Competitive Enterprise Institute | 1899 L ST NW Floor 12, Washington, DC 20036 | Phone: 202-331-1010 | Fax: 202-331-0640
Thank you for the opportunity to comment on the Department of Energy’s (DOE) proposed rule, General Guidelines for Voluntary Greenhouse Gas Reporting, published December 5, 2003 in the Federal Register (Vol. 68, No. 234).
On behalf of the organizations listed above, we commend DOE for removing “transferable credits” from its plan to “enhance” the Voluntary Reporting of Greenhouse Gases Program (VRGGP), established under Section 1605(b) of the 1992 Energy Policy Act (EPAct).

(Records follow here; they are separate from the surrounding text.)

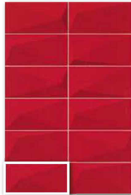
▲ DIAMOND RUBI 10x20 (M-280) 4"x8"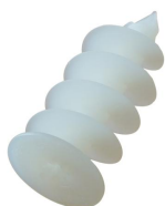
Cheville polystyrène Ø25 x 57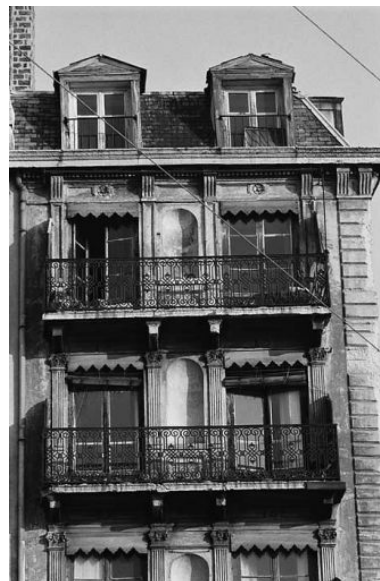
Façade sur le quai, détail des niveaux 5 et 6 et des lucarnes du comble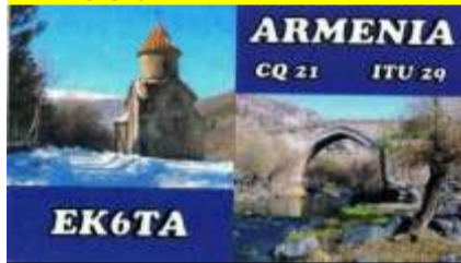
7 - Artik ( Shirak )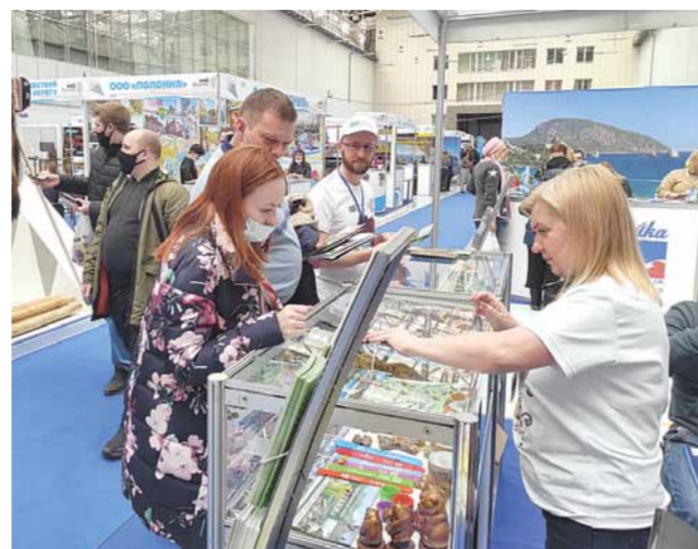
Дирекция природного парка «Ергаки» на выставке «Енисей»

С 25 по 28 марта 2021 года дирекция природного парка «Ергаки» приняла участие в XXII туристической выставке «Енисей», которая прошла в Международном выставочном центре «Сибирь» в г. Красноярске. В рамках туристической выставки для всех участников были организованы круглые столы, тренинги, семинары и встречи. На протяже-

As we have explained on previous occasions, transforming the VRGGP into an emission reductions credit program would be both illegal and unwise. It would be illegal because Section 1605(b) furnishes no authority to award regulatory offsets applicable to future emission reduction mandates; and unwise because a credit program would mobilize lobbying for energy rationing schemes such as the Kyoto Protocol, Senator Jim Jeffords’s (I-VT) Clean Power Act (S. 366), and the McCain-Lieberman Climate Stewardship Act (S. 139)—policies the Administration rightly opposes.

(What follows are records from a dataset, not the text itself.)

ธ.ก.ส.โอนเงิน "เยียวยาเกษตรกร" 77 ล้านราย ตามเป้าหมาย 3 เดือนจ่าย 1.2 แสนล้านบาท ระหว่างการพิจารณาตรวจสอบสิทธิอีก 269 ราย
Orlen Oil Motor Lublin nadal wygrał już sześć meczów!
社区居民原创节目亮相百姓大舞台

In the coming months, three interest groups will likely pressure DOE to reverse its decision and include credit provisions in the final rule. Those groups are: (1) corporations that expect to have large quantities of surplus credits to sell under a future Kyoto-style emissions cap-and-trade program, (2) environmental activists who correctly view credits as a strategy to build corporate support for cap-and-trade, and (3) agency officials whose power and prestige would increase dramatically if the VRGGP became the framework for a future energy rationing system. To help DOE resist such pressure, we want to explain, for the record, why DOE was correct to omit from its proposed rule any provisions for an early credit program.